▸ Task instructions:
Copy exactly, and copy nothing else: the line that contains "Statue in water" and all lines after it in the listing, without pictures.

▸ Given records:

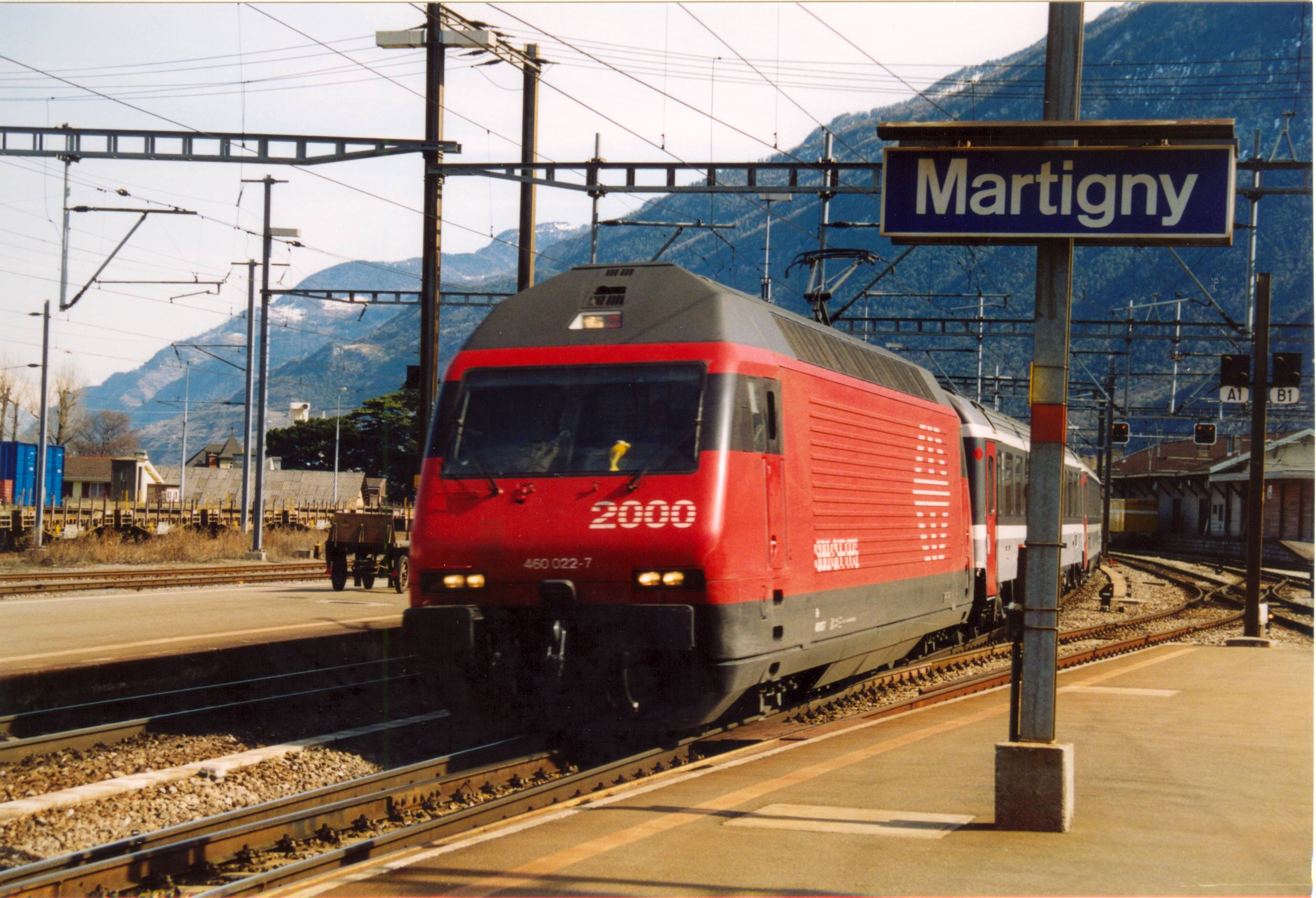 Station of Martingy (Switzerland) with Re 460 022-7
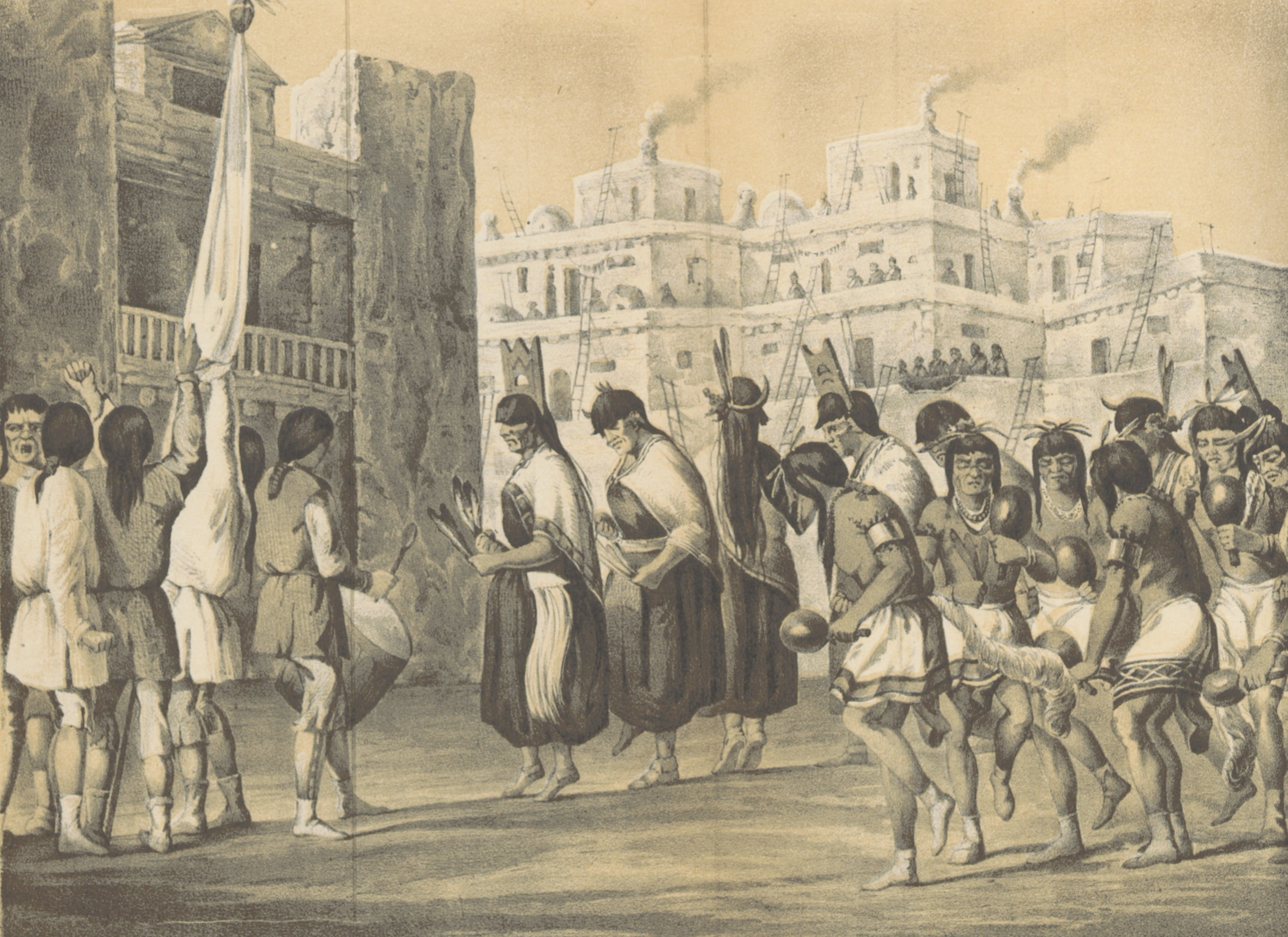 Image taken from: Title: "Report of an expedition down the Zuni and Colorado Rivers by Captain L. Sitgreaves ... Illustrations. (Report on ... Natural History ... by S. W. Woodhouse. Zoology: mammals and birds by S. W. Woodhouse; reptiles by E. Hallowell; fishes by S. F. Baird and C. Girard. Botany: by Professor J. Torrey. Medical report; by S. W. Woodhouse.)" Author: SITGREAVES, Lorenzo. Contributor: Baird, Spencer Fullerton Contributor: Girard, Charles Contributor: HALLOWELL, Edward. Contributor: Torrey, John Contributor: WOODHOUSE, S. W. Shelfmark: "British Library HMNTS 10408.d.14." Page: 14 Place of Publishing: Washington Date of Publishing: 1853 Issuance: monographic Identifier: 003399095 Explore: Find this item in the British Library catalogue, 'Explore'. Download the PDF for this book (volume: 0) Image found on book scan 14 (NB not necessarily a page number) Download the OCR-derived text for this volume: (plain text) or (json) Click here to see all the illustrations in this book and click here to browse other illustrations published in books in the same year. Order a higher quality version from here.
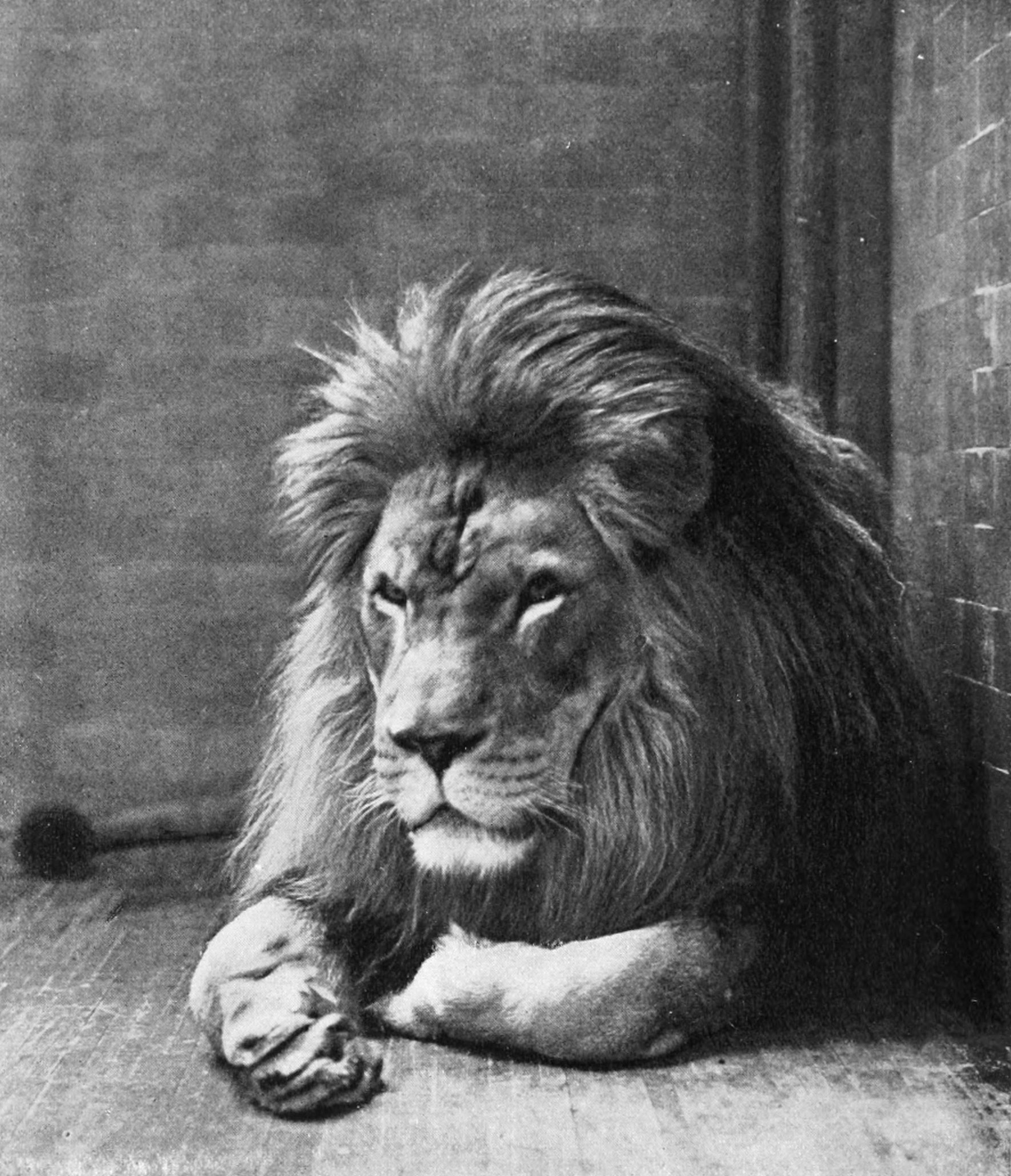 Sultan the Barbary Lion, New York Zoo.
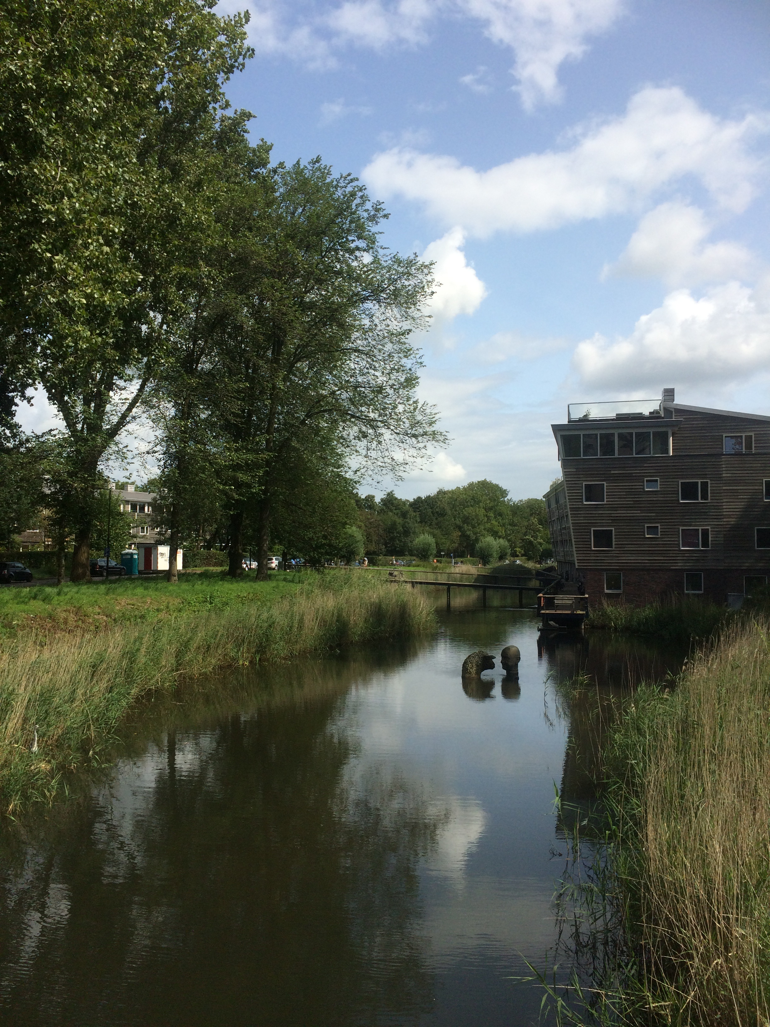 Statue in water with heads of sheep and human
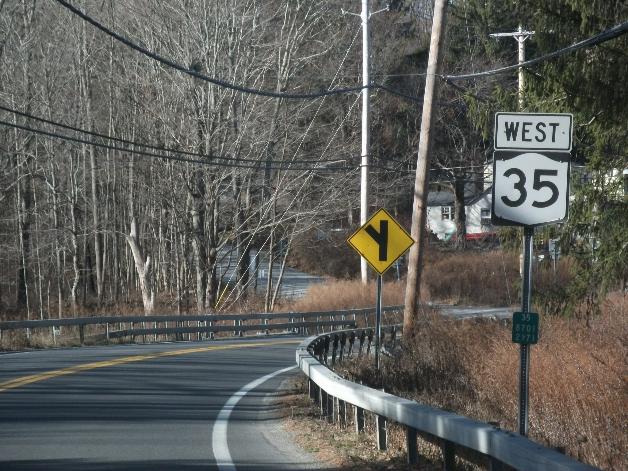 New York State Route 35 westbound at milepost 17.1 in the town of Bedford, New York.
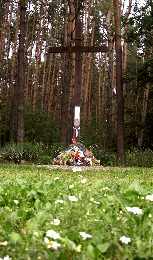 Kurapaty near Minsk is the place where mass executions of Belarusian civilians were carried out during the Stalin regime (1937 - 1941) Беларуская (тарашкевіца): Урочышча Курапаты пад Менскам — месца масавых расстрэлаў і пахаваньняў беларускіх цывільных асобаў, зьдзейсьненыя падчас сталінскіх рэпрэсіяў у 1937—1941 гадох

▸ Reply to the exercise:
 Statue in water with heads of sheep and human
 New York State Route 35 westbound at milepost 17.1 in the town of Bedford, New York.
 Kurapaty near Minsk is the place where mass executions of Belarusian civilians were carried out during the Stalin regime (1937 - 1941) Беларуская (тарашкевіца): Урочышча Курапаты пад Менскам — месца масавых расстрэлаў і пахаваньняў беларускіх цывільных асобаў, зьдзейсьненыя падчас сталінскіх рэпрэсіяў у 1937—1941 гадох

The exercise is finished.